Act2See: Emergent Active Visual Perception for Video Reasoning
Abstract Overview
Act2See is a supervised fine-tuning framework for video reasoning that enables a vision-language model to actively interleave visual evidence within its chain of thought. Instead of relying solely on static initial frames, the model can issue retrieval calls for additional frames from the source video or generation calls for hypothetical frames when reasoning requires missing or counterfactual visual evidence. The training data are constructed from Gemini 2.5 Pro reasoning traces and filtered against human-annotated chains of thought from MINERVA, CausalVQA, and Social Genome; the final SFT dataset contains 3,373 traces, with 47.67% including retrieved or generated frames. Fine-tuned from Qwen3-VL-8B-Thinking using LoRA, the resulting model is evaluated on five video reasoning benchmarks and improves consistently over its base model and several similarly sized open-source baselines.
Novelty
The distinctive contribution is enabling active visual perception through supervised fine-tuning on interleaved text-frame reasoning traces that include specialized retrieval and generation tool calls, rather than relying on static frame inputs or inference-time keyframe insertion alone.
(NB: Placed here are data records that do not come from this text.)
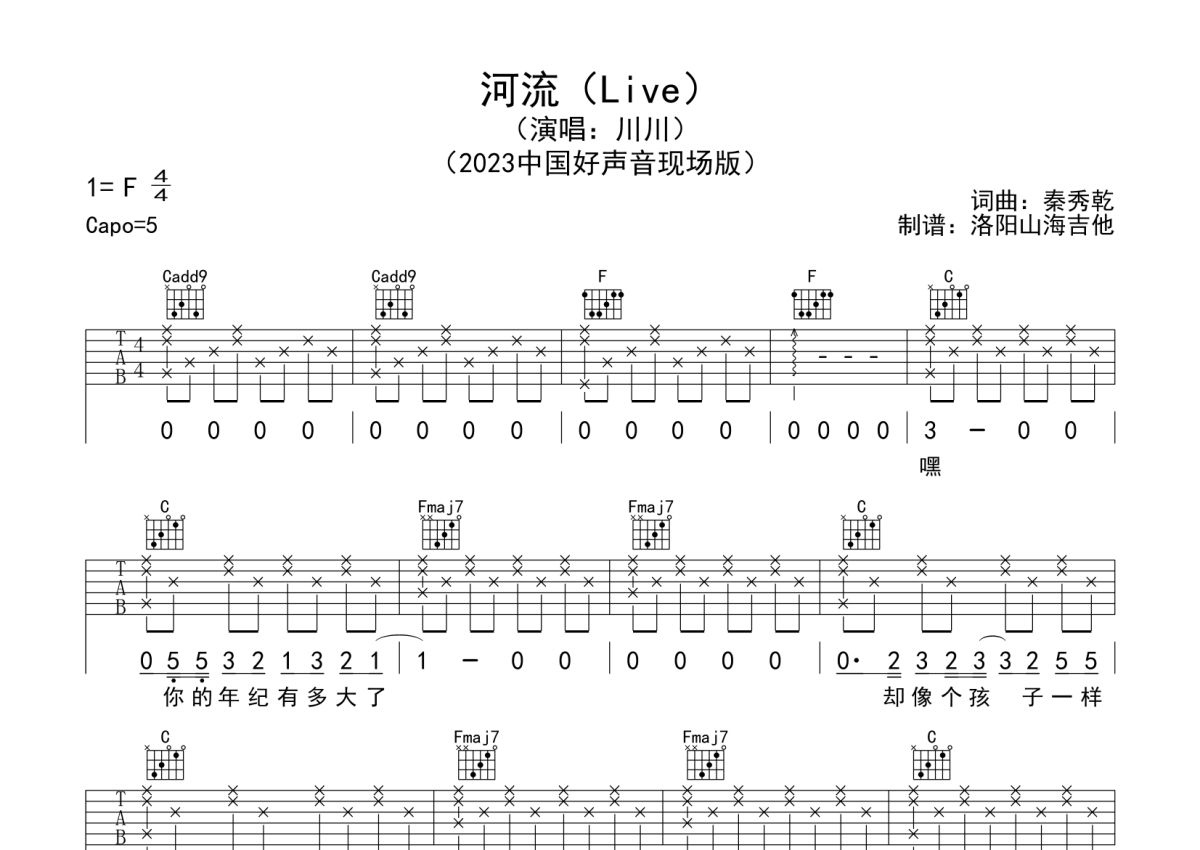 川川《河流》吉他谱 - C调弹唱六线谱 - 2023中国好声音现场版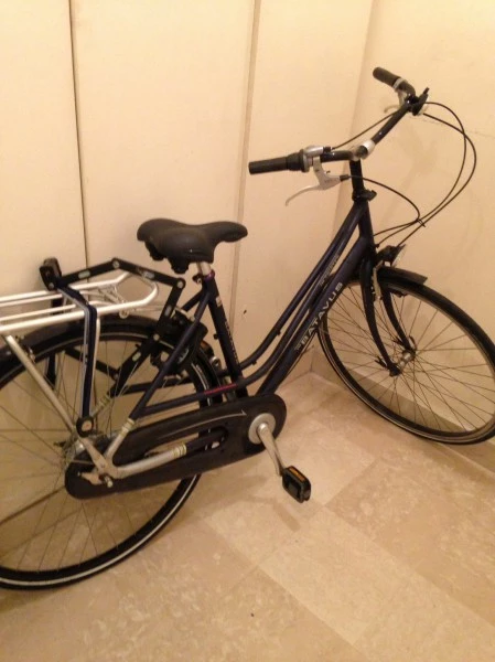 Vlo femme bleu marine Chrome acier mat anti vol ref baltus trs bon confort et trs elegant en ville servi 4 dimanche dur les berges de Seine Paris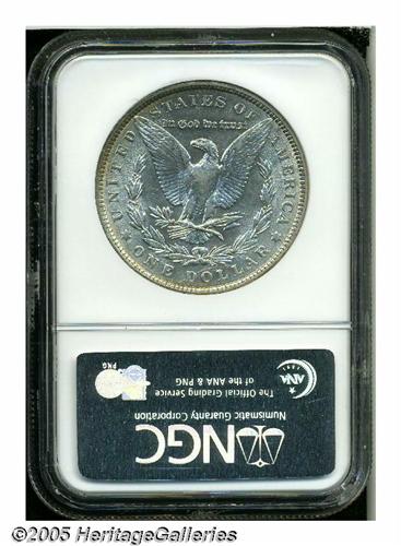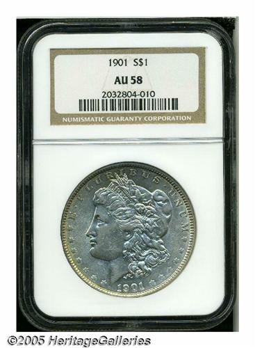 <B>1901<S$1> AU58 NGC.</B></I> Luster extends into the open fields of this briefly circulated (and conditionally scarce) Morgan Dollar. Luminous gold color fills the margins. A pinscratch beneath the wreath bow is noted.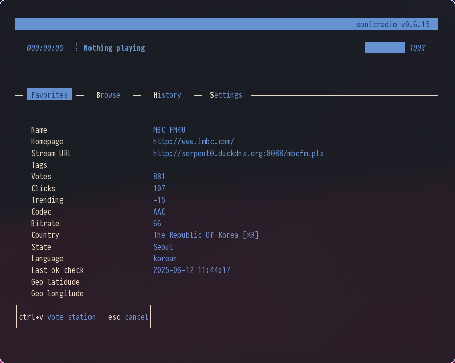 s(소문자 S)를 누르면 검색을 할 수 있습니다. 검색은 이름, tag, 국가, 언어 필드를 사용할 수 있으며, 검색 결과가 나온 경우 해당 항목에서 enter키를 치면 방송을 들을 수 있고, 즐겨 찾기를 하려면 f 키를 누르면 됩니다. 메인화면에서 F(대문자)를 눌러 즐겨찾기에서 언제든 사용할 수 있습니다.
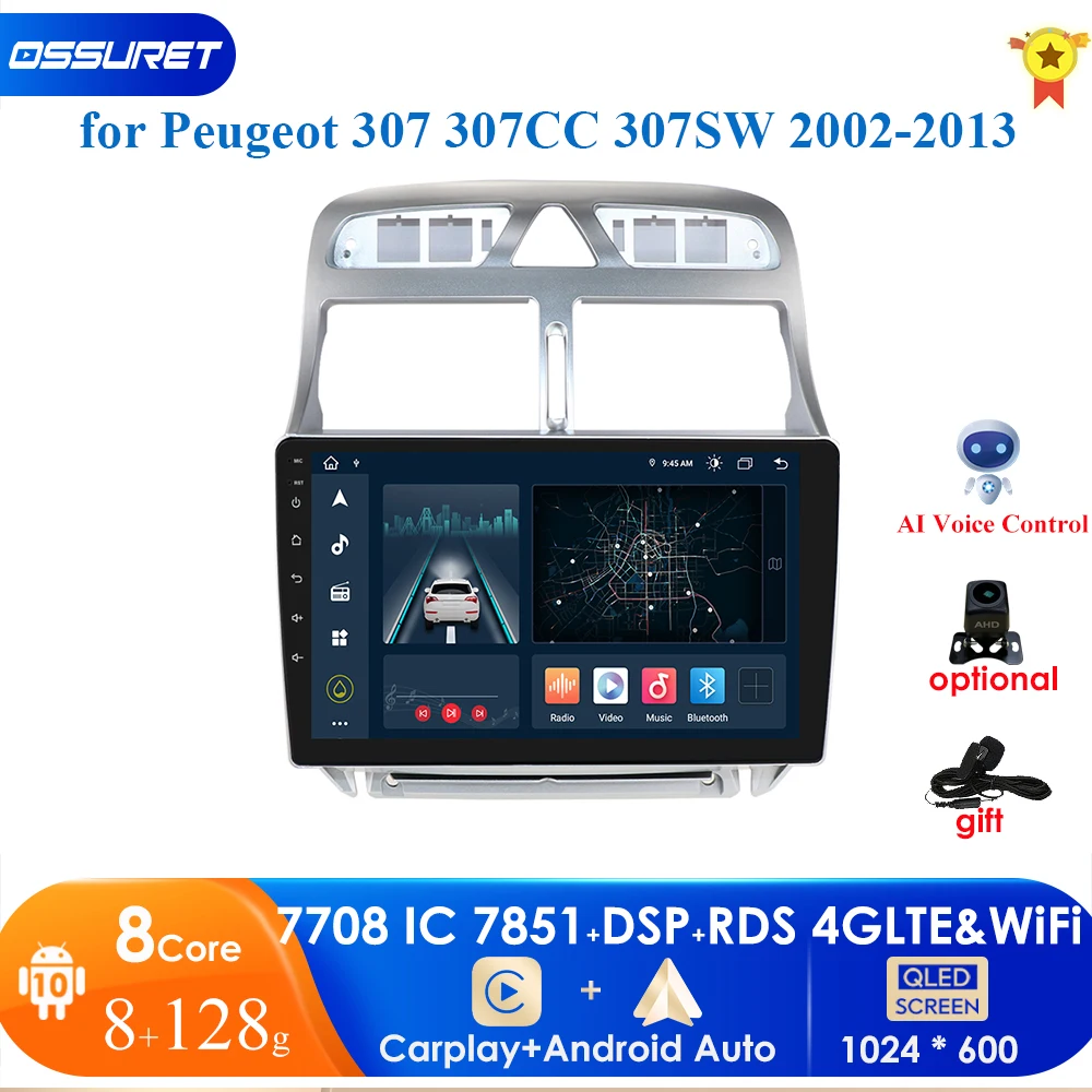 Автомагнитола 2 din, 4 Гб + 64 ГБ, Android 10, для PEUGEOT 307 sw 3...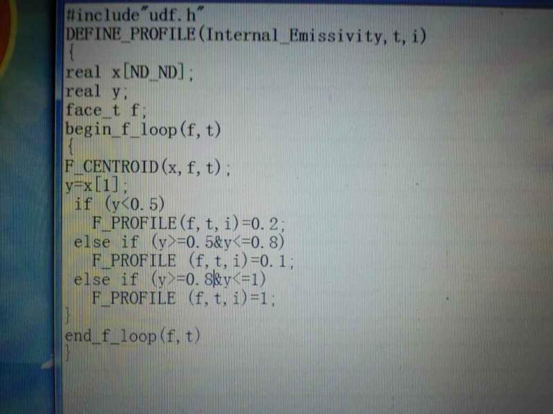 就是我的计算域中有一个面,大家可以想象成单子的一个墙面或者汽车的顶面,重点只在于这个面上不同区域的发射率不同(终极目标是模拟装甲车的迷彩表面不同处发射率不同,我是初学,就用斑马线练练手)如图哈,只随着x轴一条条斑马线,斑马线间距0.1m,阴影处发射率0.5空白处发射率1,这个udf应该怎么写呢,我想仿照这个写,如图,但是不知道间隔那部分怎么处理,有人比较熟悉吗?我自己编了一个很简化的,就是一个区域划成三半如图,用if来写,但是很多的就不知道怎么处理,跪求帮忙 发自小木虫Android客户端 |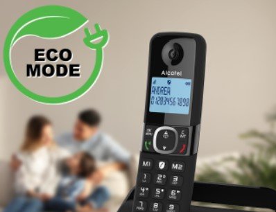تم تصميم الهاتف مع وضع ECO لتقليل استهلاك الطاقة. يتم شحن السماعة فقط عند الحاجة، مما يساعد على إطالة عمر البطارية. كما يتم ضبط قوة الإرسال تلقائيًا أثناء المكالمات حسب المسافة من القاعدة، لضمان أداء فعال.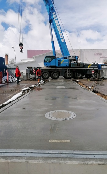 Die Brückenwaage hat eine Länge von 18 Meter sowie eine Breite von 3 Meter und kann ein Gewicht von bis zu 50 Tonnen erfassen.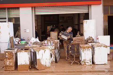 People clean mud from a shop affected by floods in Chiva, Spain.

The framework combines two forms of visual evidence acquisition within the chain of thought—retrieving real frames at higher sampling rates and generating hypothetical ones via conditional image generation—which is particularly relevant for counterfactual video reasoning scenarios.
Results
Act2See improves over Qwen3-VL-8B-Thinking on all five reported benchmarks: from 71.8 to 74.2 on Video-MME, 41.5 to 46.8 on VideoEspresso, 48.9 to 51.3 on EgoNormia, 38.2 to 47.1 on VCR-Bench, and 60.2 to 63.3 on ViTIB. The paper also reports gains over inference-only interleaving (ViTCoT) and RL-based interleaving baselines (ReWatch-R1, FrameMind), and ablation studies confirm that both retrieval and generation contribute to performance, and that human-annotated CoT sources significantly outperform VLM-generated ones.
Key Points
- Act2See trains a VLM to insert retrieval or generation tool calls inside chain-of-thought reasoning, enabling active acquisition of visual evidence during video QA, with retrieval searching the video at higher sampling rates and generation producing hypothetical frames via conditional image generation.
- The SFT dataset is constructed from Gemini 2.5 Pro traces filtered using BGE M3-Embedding similarity (≥80%) against human-annotated reasoning data from MINERVA, CausalVQA, and Social Genome, yielding 3,373 high-quality examples with 47.67% containing retrieved or generated frames.
- Empirically, the method outperforms its base model across five benchmarks and shows advantages over inference-only (ViTCoT) and RL-based (ReWatch-R1, FrameMind) video-text interleaving approaches, while ablations confirm that combining retrieval and generation outperforms using either alone.